Dataset extract:
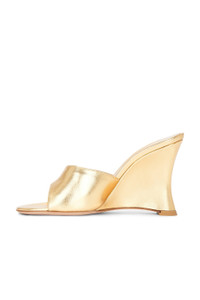 Details - Metallic nappa upper with leather sole - Made in Italy - Slip-on styling - Leather footbed and lining - Peep toe with wedge heel - Approx 75mm/ 3.5 inch heel - Our Style No. GIAN-WZ781 - Manufacturer Style No. G10095-95RIC-NPS
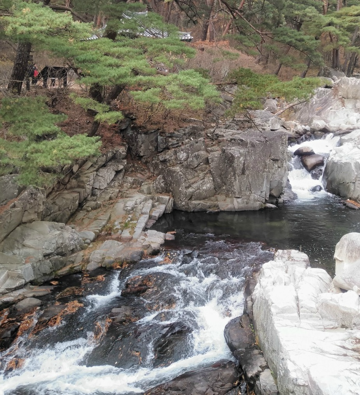 흐르는 맑은 물에 손을 담그며
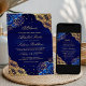 Encontrem seus convidados com este elegante tudo em um convite de casamento islâmico com lindas flores azuis e um lugar intrincado com o Código QR para RSVP on-line. Basta adicionar os detalhes do seu evento neste modelo fácil de usar para torná-lo um convite de tipo único.

Directions for this task:
Pictures are not part of the copy. Reproduce the lines from the one with "흐르는 맑은 물에 손을 담그며" through the end of the listing above.

Answer space:
 흐르는 맑은 물에 손을 담그며
 Encontrem seus convidados com este elegante tudo em um convite de casamento islâmico com lindas flores azuis e um lugar intrincado com o Código QR para RSVP on-line. Basta adicionar os detalhes do seu evento neste modelo fácil de usar para torná-lo um convite de tipo único.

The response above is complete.